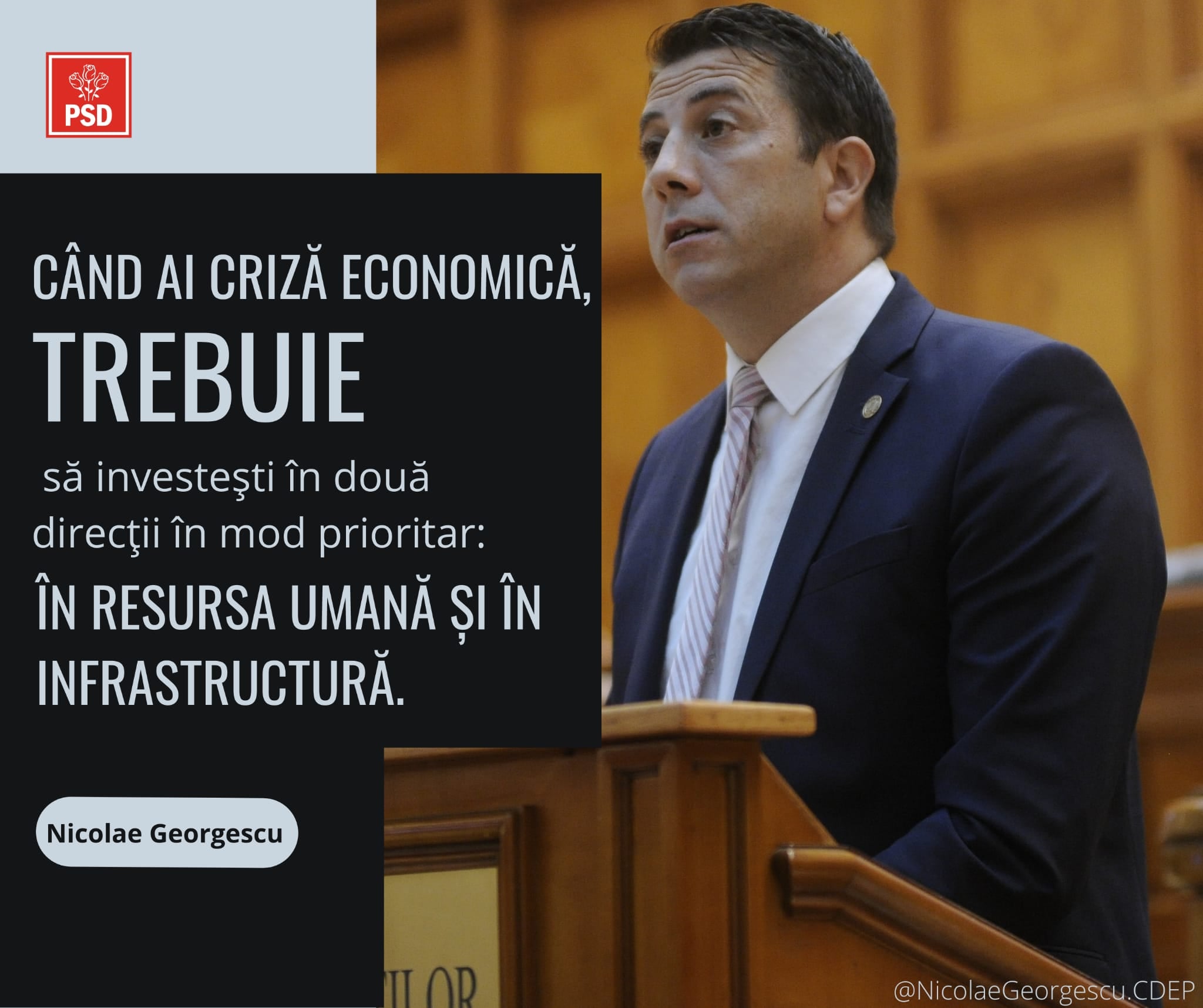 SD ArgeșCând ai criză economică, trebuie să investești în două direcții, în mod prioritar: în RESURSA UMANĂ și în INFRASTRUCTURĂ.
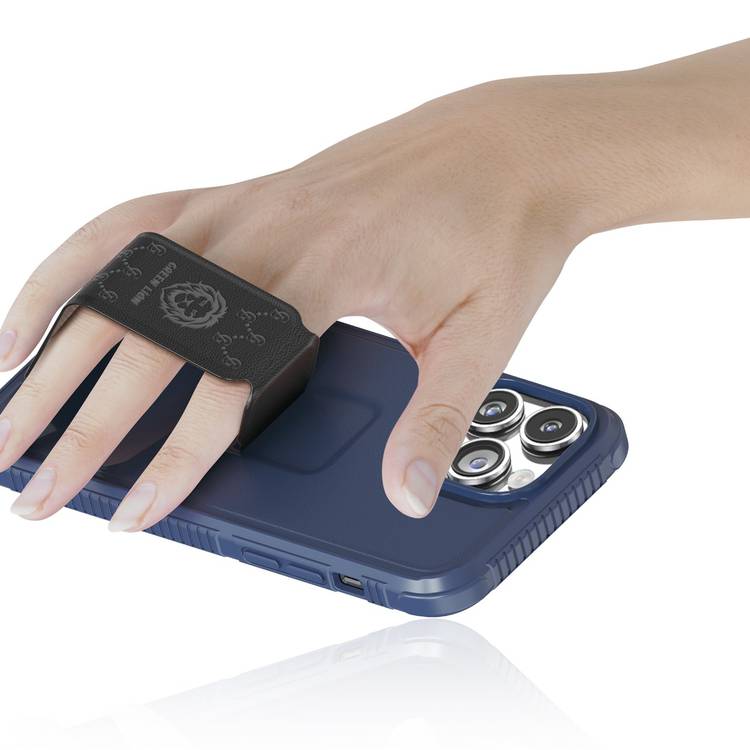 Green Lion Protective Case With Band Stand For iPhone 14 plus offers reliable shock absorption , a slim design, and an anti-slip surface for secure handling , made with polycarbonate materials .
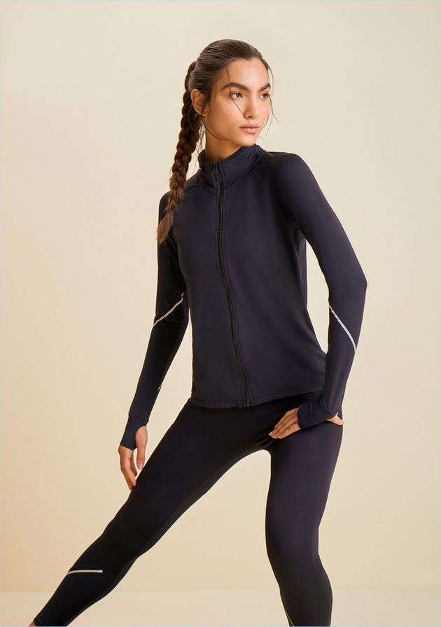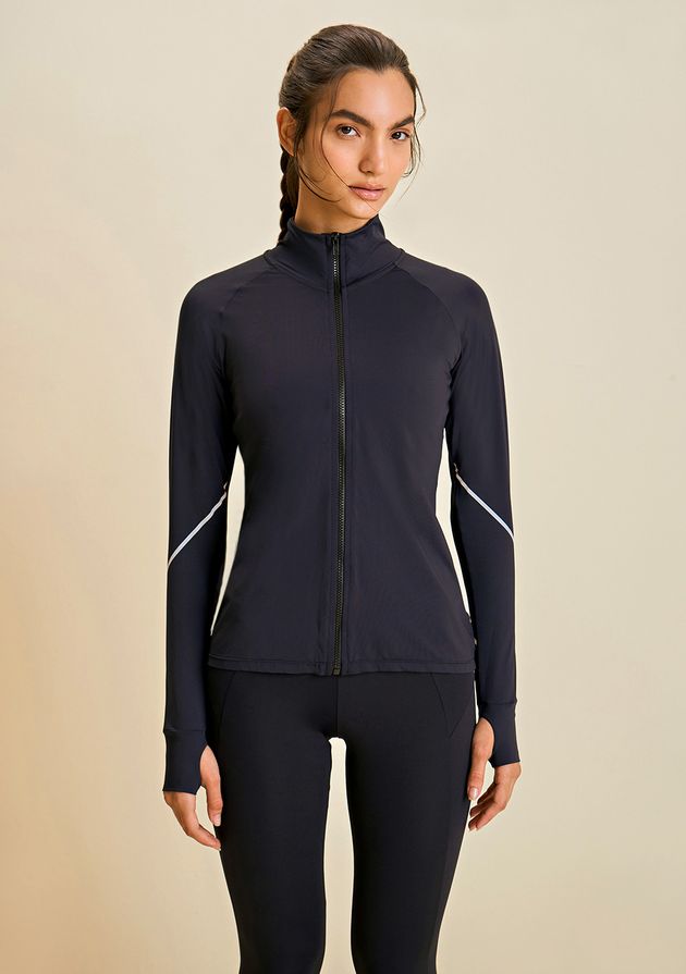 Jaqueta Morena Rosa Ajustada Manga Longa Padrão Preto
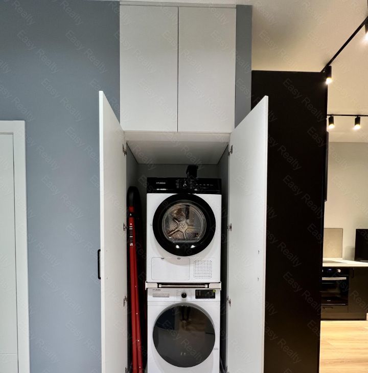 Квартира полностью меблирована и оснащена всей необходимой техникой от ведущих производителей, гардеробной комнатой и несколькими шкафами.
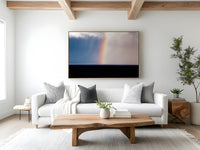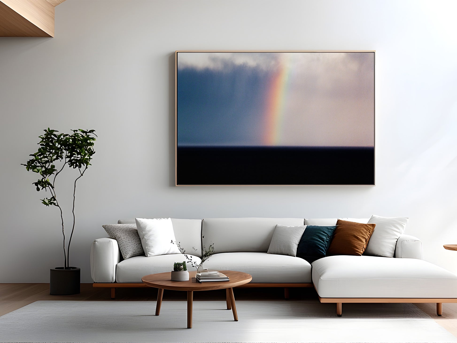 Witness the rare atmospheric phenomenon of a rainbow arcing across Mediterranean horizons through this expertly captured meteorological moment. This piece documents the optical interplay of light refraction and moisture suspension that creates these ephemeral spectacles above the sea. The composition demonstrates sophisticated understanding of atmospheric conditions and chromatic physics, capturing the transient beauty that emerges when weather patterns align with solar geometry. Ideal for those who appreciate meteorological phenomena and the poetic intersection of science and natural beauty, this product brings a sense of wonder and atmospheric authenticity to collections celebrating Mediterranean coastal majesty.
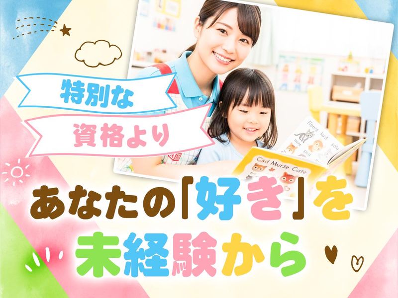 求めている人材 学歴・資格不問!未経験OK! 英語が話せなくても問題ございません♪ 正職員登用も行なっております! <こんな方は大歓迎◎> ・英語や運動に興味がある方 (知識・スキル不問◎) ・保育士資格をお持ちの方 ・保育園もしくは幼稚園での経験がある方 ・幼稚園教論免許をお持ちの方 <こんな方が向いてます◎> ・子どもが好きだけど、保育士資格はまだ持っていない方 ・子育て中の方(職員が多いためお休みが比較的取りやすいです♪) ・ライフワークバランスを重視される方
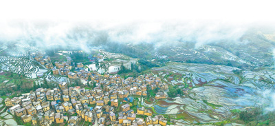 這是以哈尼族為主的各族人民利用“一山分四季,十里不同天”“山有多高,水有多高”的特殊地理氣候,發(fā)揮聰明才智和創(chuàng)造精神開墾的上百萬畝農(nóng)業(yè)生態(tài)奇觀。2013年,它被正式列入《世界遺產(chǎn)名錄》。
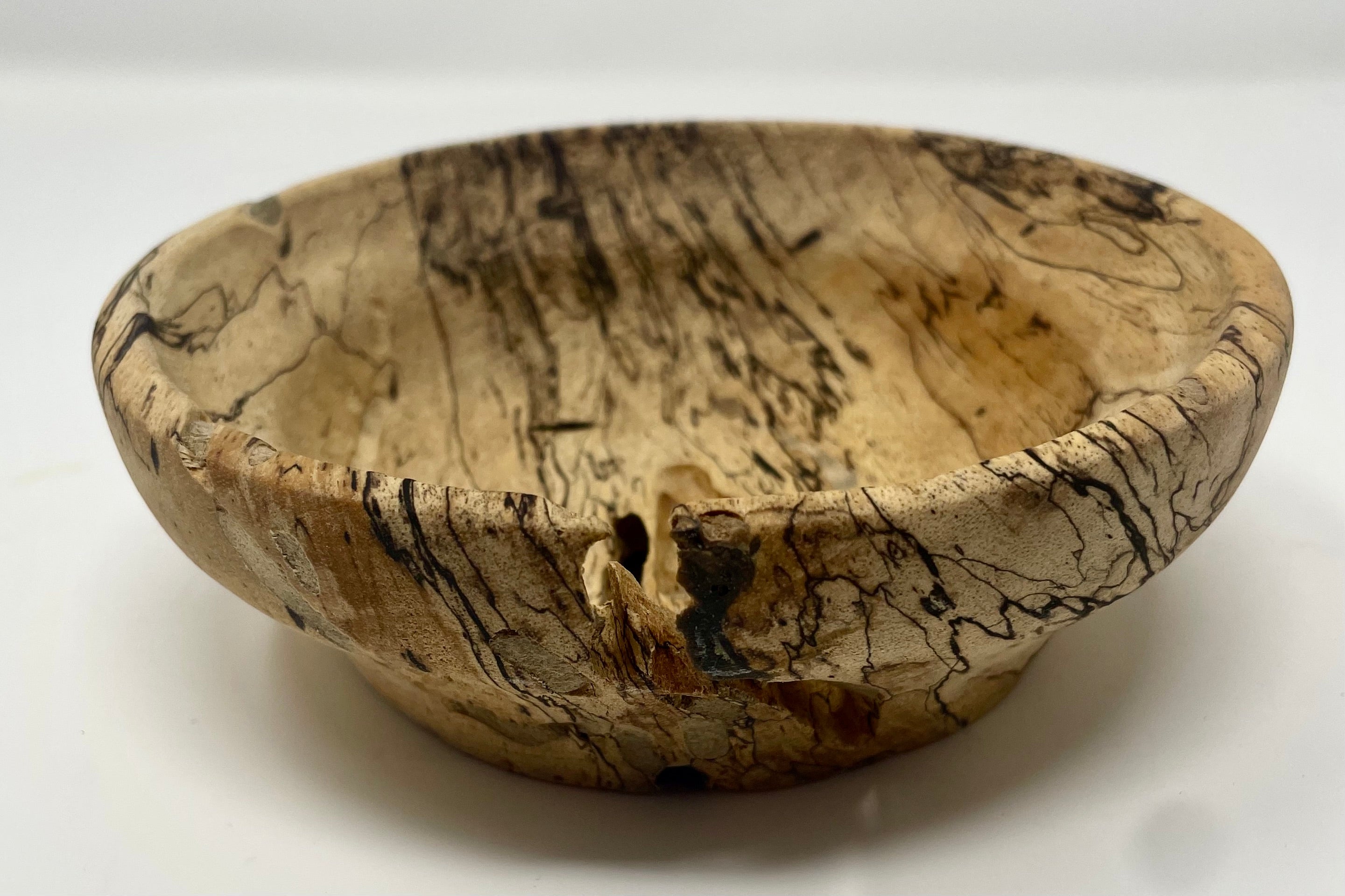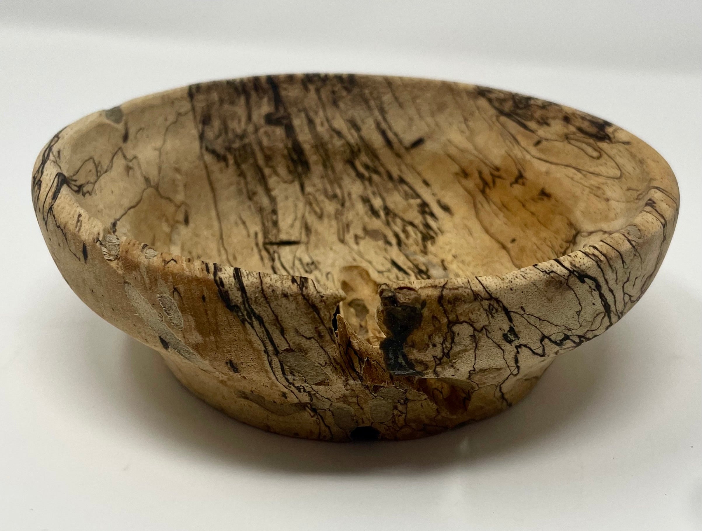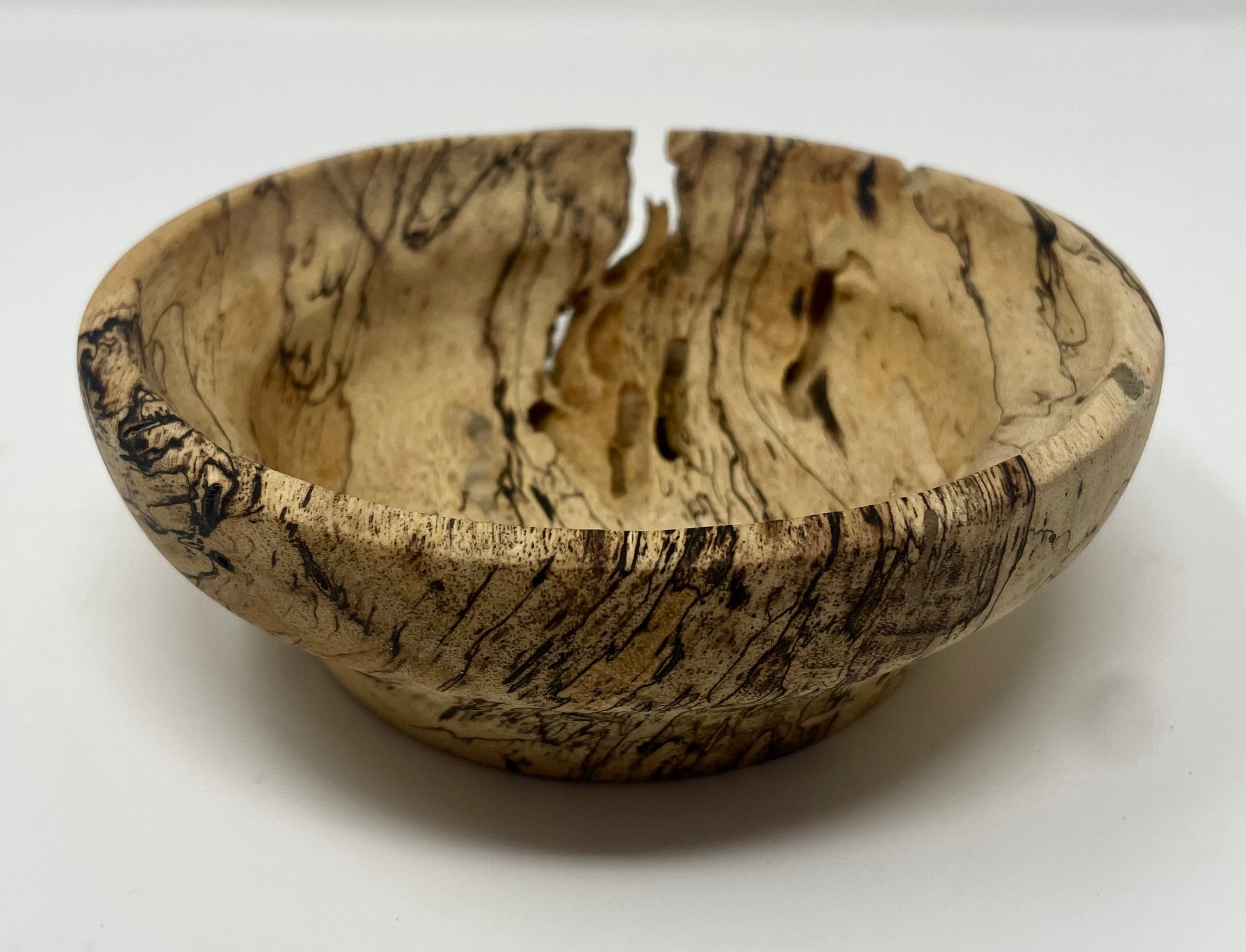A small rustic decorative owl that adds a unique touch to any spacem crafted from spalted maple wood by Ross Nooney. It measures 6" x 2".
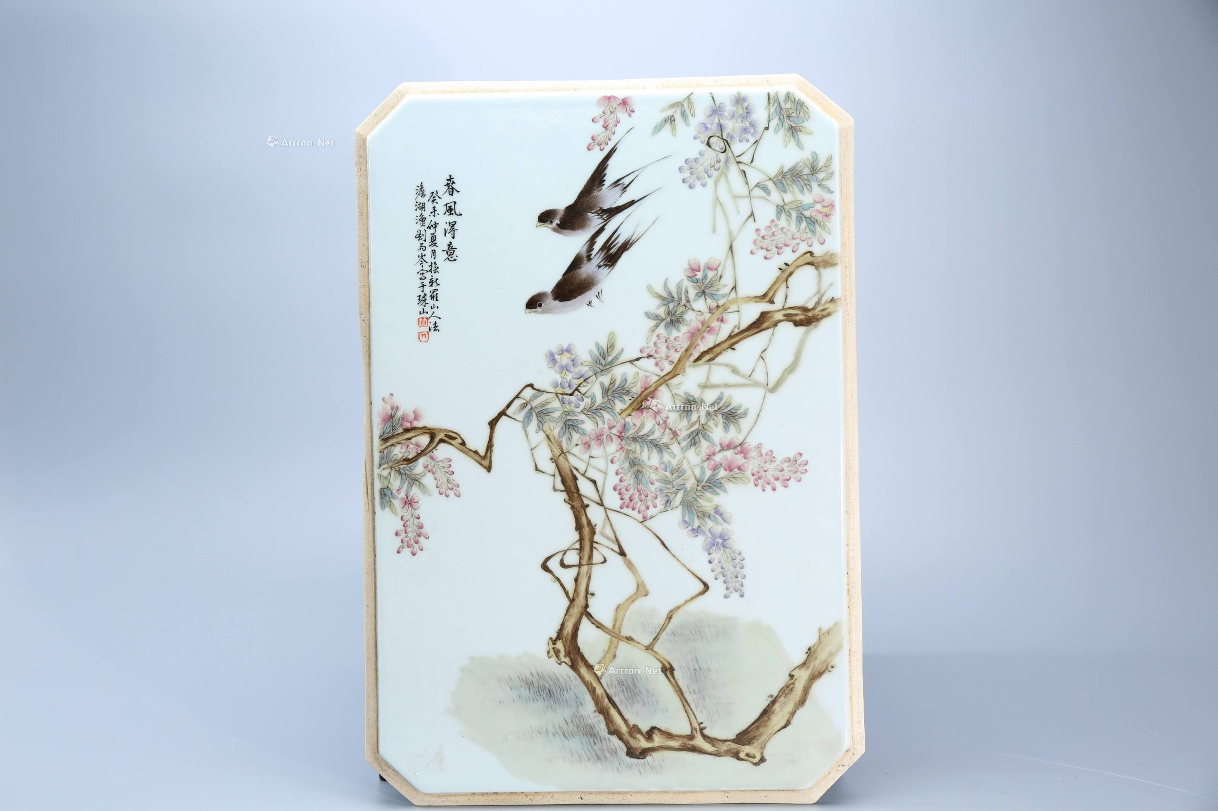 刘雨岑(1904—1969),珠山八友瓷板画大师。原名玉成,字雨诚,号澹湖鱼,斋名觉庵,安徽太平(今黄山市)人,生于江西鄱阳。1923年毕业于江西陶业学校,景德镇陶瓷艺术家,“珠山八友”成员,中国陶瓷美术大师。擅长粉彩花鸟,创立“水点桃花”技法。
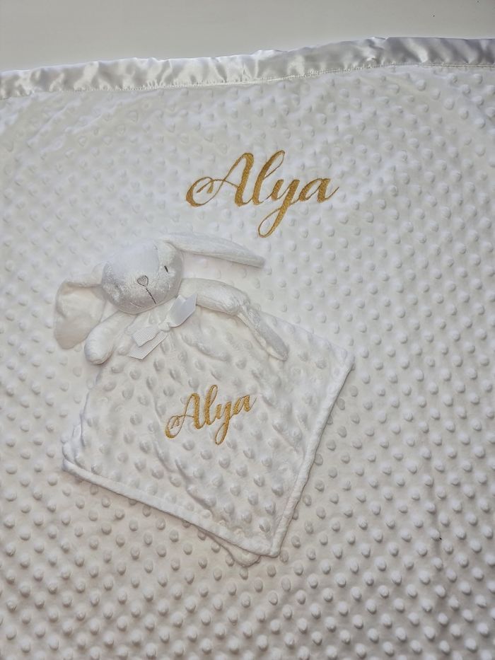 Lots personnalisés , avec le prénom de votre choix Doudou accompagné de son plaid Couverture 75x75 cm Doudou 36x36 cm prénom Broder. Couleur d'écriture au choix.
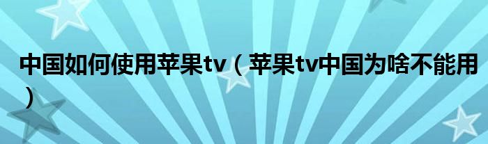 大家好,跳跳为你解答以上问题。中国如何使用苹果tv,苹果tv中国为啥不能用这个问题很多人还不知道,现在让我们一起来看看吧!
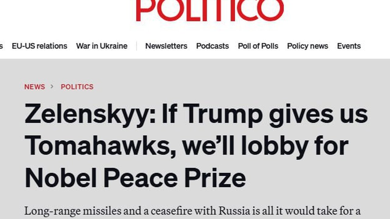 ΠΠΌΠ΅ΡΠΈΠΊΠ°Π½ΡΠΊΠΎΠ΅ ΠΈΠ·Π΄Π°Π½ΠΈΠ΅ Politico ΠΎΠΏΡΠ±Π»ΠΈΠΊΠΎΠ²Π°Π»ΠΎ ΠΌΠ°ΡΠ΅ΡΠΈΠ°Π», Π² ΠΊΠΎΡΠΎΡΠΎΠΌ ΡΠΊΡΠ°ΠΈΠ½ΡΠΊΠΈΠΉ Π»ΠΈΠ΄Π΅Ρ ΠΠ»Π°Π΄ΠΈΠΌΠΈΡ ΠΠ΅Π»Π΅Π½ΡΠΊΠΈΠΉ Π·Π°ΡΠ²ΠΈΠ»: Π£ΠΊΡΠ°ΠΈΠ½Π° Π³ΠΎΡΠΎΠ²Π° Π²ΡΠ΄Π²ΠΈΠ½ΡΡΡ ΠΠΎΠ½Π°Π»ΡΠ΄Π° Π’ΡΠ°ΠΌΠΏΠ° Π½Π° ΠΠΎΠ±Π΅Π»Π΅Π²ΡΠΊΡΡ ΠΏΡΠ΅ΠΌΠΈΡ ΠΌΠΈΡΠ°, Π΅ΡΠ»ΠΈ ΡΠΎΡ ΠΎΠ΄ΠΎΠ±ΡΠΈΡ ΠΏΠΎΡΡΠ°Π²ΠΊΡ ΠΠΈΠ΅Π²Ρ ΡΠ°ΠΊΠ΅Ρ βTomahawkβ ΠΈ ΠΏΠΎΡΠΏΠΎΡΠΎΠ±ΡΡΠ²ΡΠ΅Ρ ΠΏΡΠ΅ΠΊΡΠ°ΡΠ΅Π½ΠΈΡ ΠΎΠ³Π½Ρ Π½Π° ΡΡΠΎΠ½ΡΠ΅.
--------
_EXERCISE_
Nothing but the text of the listing should be set down, exactly, with the pictures left behind.

_FINAL ANSWER_
 SD ArgeșCând ai criză economică, trebuie să investești în două direcții, în mod prioritar: în RESURSA UMANĂ și în INFRASTRUCTURĂ.
 Green Lion Protective Case With Band Stand For iPhone 14 plus offers reliable shock absorption , a slim design, and an anti-slip surface for secure handling , made with polycarbonate materials .
 Jaqueta Morena Rosa Ajustada Manga Longa Padrão Preto
 Квартира полностью меблирована и оснащена всей необходимой техникой от ведущих производителей, гардеробной комнатой и несколькими шкафами.
 Witness the rare atmospheric phenomenon of a rainbow arcing across Mediterranean horizons through this expertly captured meteorological moment. This piece documents the optical interplay of light refraction and moisture suspension that creates these ephemeral spectacles above the sea. The composition demonstrates sophisticated understanding of atmospheric conditions and chromatic physics, capturing the transient beauty that emerges when weather patterns align with solar geometry. Ideal for those who appreciate meteorological phenomena and the poetic intersection of science and natural beauty, this product brings a sense of wonder and atmospheric authenticity to collections celebrating Mediterranean coastal majesty.
 求めている人材 学歴・資格不問!未経験OK! 英語が話せなくても問題ございません♪ 正職員登用も行なっております! <こんな方は大歓迎◎> ・英語や運動に興味がある方 (知識・スキル不問◎) ・保育士資格をお持ちの方 ・保育園もしくは幼稚園での経験がある方 ・幼稚園教論免許をお持ちの方 <こんな方が向いてます◎> ・子どもが好きだけど、保育士資格はまだ持っていない方 ・子育て中の方(職員が多いためお休みが比較的取りやすいです♪) ・ライフワークバランスを重視される方
 這是以哈尼族為主的各族人民利用“一山分四季,十里不同天”“山有多高,水有多高”的特殊地理氣候,發(fā)揮聰明才智和創(chuàng)造精神開墾的上百萬畝農(nóng)業(yè)生態(tài)奇觀。2013年,它被正式列入《世界遺產(chǎn)名錄》。
A small rustic decorative owl that adds a unique touch to any spacem crafted from spalted maple wood by Ross Nooney. It measures 6" x 2".
 刘雨岑(1904—1969),珠山八友瓷板画大师。原名玉成,字雨诚,号澹湖鱼,斋名觉庵,安徽太平(今黄山市)人,生于江西鄱阳。1923年毕业于江西陶业学校,景德镇陶瓷艺术家,“珠山八友”成员,中国陶瓷美术大师。擅长粉彩花鸟,创立“水点桃花”技法。
 Lots personnalisés , avec le prénom de votre choix Doudou accompagné de son plaid Couverture 75x75 cm Doudou 36x36 cm prénom Broder. Couleur d'écriture au choix.
 大家好,跳跳为你解答以上问题。中国如何使用苹果tv,苹果tv中国为啥不能用这个问题很多人还不知道,现在让我们一起来看看吧!
 ΠΠΌΠ΅ΡΠΈΠΊΠ°Π½ΡΠΊΠΎΠ΅ ΠΈΠ·Π΄Π°Π½ΠΈΠ΅ Politico ΠΎΠΏΡΠ±Π»ΠΈΠΊΠΎΠ²Π°Π»ΠΎ ΠΌΠ°ΡΠ΅ΡΠΈΠ°Π», Π² ΠΊΠΎΡΠΎΡΠΎΠΌ ΡΠΊΡΠ°ΠΈΠ½ΡΠΊΠΈΠΉ Π»ΠΈΠ΄Π΅Ρ ΠΠ»Π°Π΄ΠΈΠΌΠΈΡ ΠΠ΅Π»Π΅Π½ΡΠΊΠΈΠΉ Π·Π°ΡΠ²ΠΈΠ»: Π£ΠΊΡΠ°ΠΈΠ½Π° Π³ΠΎΡΠΎΠ²Π° Π²ΡΠ΄Π²ΠΈΠ½ΡΡΡ ΠΠΎΠ½Π°Π»ΡΠ΄Π° Π’ΡΠ°ΠΌΠΏΠ° Π½Π° ΠΠΎΠ±Π΅Π»Π΅Π²ΡΠΊΡΡ ΠΏΡΠ΅ΠΌΠΈΡ ΠΌΠΈΡΠ°, Π΅ΡΠ»ΠΈ ΡΠΎΡ ΠΎΠ΄ΠΎΠ±ΡΠΈΡ ΠΏΠΎΡΡΠ°Π²ΠΊΡ ΠΠΈΠ΅Π²Ρ ΡΠ°ΠΊΠ΅Ρ βTomahawkβ ΠΈ ΠΏΠΎΡΠΏΠΎΡΠΎΠ±ΡΡΠ²ΡΠ΅Ρ ΠΏΡΠ΅ΠΊΡΠ°ΡΠ΅Π½ΠΈΡ ΠΎΠ³Π½Ρ Π½Π° ΡΡΠΎΠ½ΡΠ΅.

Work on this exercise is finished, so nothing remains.